Más complicado aún se me hacía el trato con Adelita. Se había vuelto más callada y escurridiza, excepto en ciertos momentos en que la excitación la desbordaba, aunque me era difícil saber a qué se debía porque no sabía encontrar la razón aparente del cambio, y mantenía el mismo aire levemente ofendido y digno del día en que llegué, como si en lugar de tenerla en casa después de lo ocurrido, la hubiera acusado de un delito que no había cometido. O quizá no fuera éste el motivo, quizá ésta era su forma de quejarse de que no se le reconocía lo suficiente el trabajo que hacía.

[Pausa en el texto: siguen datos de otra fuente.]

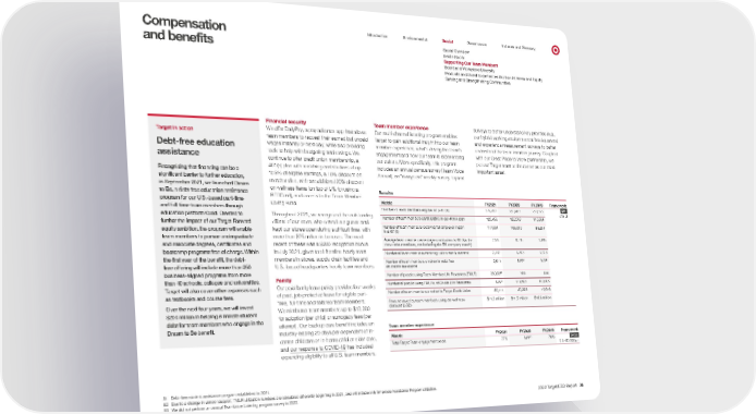 0 - Introduction Environmental Social Governance Indexes and Glossary Compensation and benefits Social Overview Inside Social Supporting Our Team Members Board and Workplace Diversity Products and Guest Experiences Built on Fairness and Equity Serving and Strengthening Communities Target in action Debt-free education assistance Recognizing that financing can be a significant barrier to further education, in September 2021, we launched Dream to Be, a debt-free education assistance program for our U.S.-based part-time and full-time team members through education platform Guild . Created to further the impact of our Target Forward equity ambition, the program will enable team members to pursue undergraduate and associate degrees, certificates and bootcamp programs free of charge. Within the first year of the benefit, the debt- free offering will include more than 250 business-aligned programs from more than 40 schools, colleges and universities. Target will also cover other expenses such as textbooks and course fees. Over the next four years, we will invest $200 million in helping eliminate student debt for team members who engage in the Dream to Be benefit. Financial security Team member experience surveys to better understand key priorities (e.g., our hybrid working environment at headquarters) and experience measurement surveys to better understand the team member journey. Coupled with our Great Place to Work partnership, we put our Target team at the center as our most important asset. We offer DailyPay, a pay advance app that allows team members to request their earned but unpaid wages instantly or next day, while also providing tools to help with budgeting and savings. We continue to offer credit union membership, a 401(k) plan with matching contributions of up to 5% of eligible earnings, a 10% discount on merchandise, with an additional 20% discount on wellness items (on top of 5% for using a REDCard), and access to the Team Member Giving Fund. Our multi-channel listening program enables Target to gain additional insight into our team member experience, what’s driving the team’s engagement and how our team is experiencing our culture. More specifically, this program includes an annual census survey (Team Voice Annual), an “always on” weekly survey, topical Benefits Metric FY2021 FY2020 FY2019 Framework Number of team members eligible for a 401(k) 270,453 258,983 228,375 GRI 401-2 Number of team members participating in our 401(k) plan 129,458 122,903 115,384 Throughout 2021, we recognized the outstanding efforts of our team, who served our guests and kept our stores open during a difficult time, with more than $75 million in bonuses. The most recent of these was a $200 recognition bonus in July 2021, given to all frontline hourly team members in stores, supply chain facilities and U.S.-based headquarters hourly team members. Number of team members receiving full employer match in a 401(k) 117,034 103,000 88,234 Average team member percentage contribution to 401(k)s (for those who contribute, not including the 5% company match) 7.5% 6.1% 5.9% Number of team members receiving tuition reimbursement 2,142 1,783 1,823 Number of team members enrolled in debt-free education assistance 2,611 N/A 51 N/A 51 Number of people using Team Member Life Resources (TMLR) 29,833 52 N/A N/A Family Number of people using TMLR and Onsite Life Resources N/A 52 111,583 108,986 Our paid family leave policy provides four weeks of paid, job-protected leave for eligible part- time, full-time and salaried team members. We reimburse team members up to $10,000 for adoption (per child) or surrogacy fees (per attempt). Our backup care benefit includes an industry-leading 20 days per dependent of in- center childcare or in-home child or elder care, and Number of team members enrolled in Target Credit Union 20,111 20,328 19,616 Amount saved by team members using our wellness discount (USD) $11.3 million $11.5 million $10.6 million Team member experience Metric FY2021 FY2020 FY2019 Framework Total Target Team engagement score 77% N/A 53 76% our response to COVID-19 has included expanding eligibility to all U.S. team members. SASB CG-EC-330a.1 51 Debt-free student assistance program established in 2021. 52 Due to a change in vendor support, TMLR utilization numbers are calculated differently beginning in 2021, and will include only Employee Assistance Program utilization. 53 We did not perform an annual TeamVoice Listening program survey in 2020. 2022 Target ESG Report 36

Fue en vano que yo intentara darle las gracias más reiteradamente que otras veces para recuperar la normalidad de que habíamos gozado antes de "los hechos de fin de año", como los llamaba ella cuando quería precisar una fecha o un período.
Los "hechos…" se habían convertido en un hito que separaba el pasado del presente, como la "guerra" lo fue para nuestras abuelas o como yo misma hablaba del "curso anterior" para situar los hechos en el pasado. No sólo era extraño su talante, sino que además desaparecía y aparecía sin tener jamás en cuenta el horario de las comidas, o el de la limpieza, o el de la compra, que con tanto rigor había respetado antes de los "hechos…", y no es que no hiciera su trabajo, pero se las arreglaba para que nunca coincidiera con la hora adecuada. Y yo, en aras de recuperar la tan ansiada normalidad, apenas se lo recriminaba.
Así que sólo en los dos o tres días que llevaba en la casa se había diluido aquella sensación de orden que la propia Adelita había impuesto y mantenido y, lo que era peor, tampoco recuperaba el tiempo porque pretendía darme un plato de sopa a las cinco de la tarde, y cuando le decía que no lo quería, subía a mi habitación a limpiar, pero al instante sonaba el teléfono, al que se precipitaba, y acto seguido tenía que salir agobiada por extrañas prisas e insólitas urgencias de parientes y amigos que la solicitaban sin dilación, retrasando la huida el tiempo justo de contarme tragedias cada vez más horripilantes que exigían su experimentada presencia. Pero no se entretenía en hablar de sí misma y de sus dotes inigualables, que tal vez daba ya por sabidas, sino que más parecía que tuviera la mente vagando en algo distinto que, era evidente, la hacía sufrir, la tenía nerviosa y agitada, la hacía tartamudear al responder alguna pregunta, y en cualquier momento, sin previo aviso, podía volver a salir por la puerta de la cocina como alma que lleva el diablo, para no regresar hasta la madrugada cuando creía que yo ya dormía y comenzaban a cantar los gallos. Seguía su recorrido por el ruido de su mobilette sin silenciador que salía por el camino trasero de la casa, se iba atenuando con la distancia hasta que perdía su nitidez tras los bosques y se fundía finalmente con los ruidos de la carretera lejana.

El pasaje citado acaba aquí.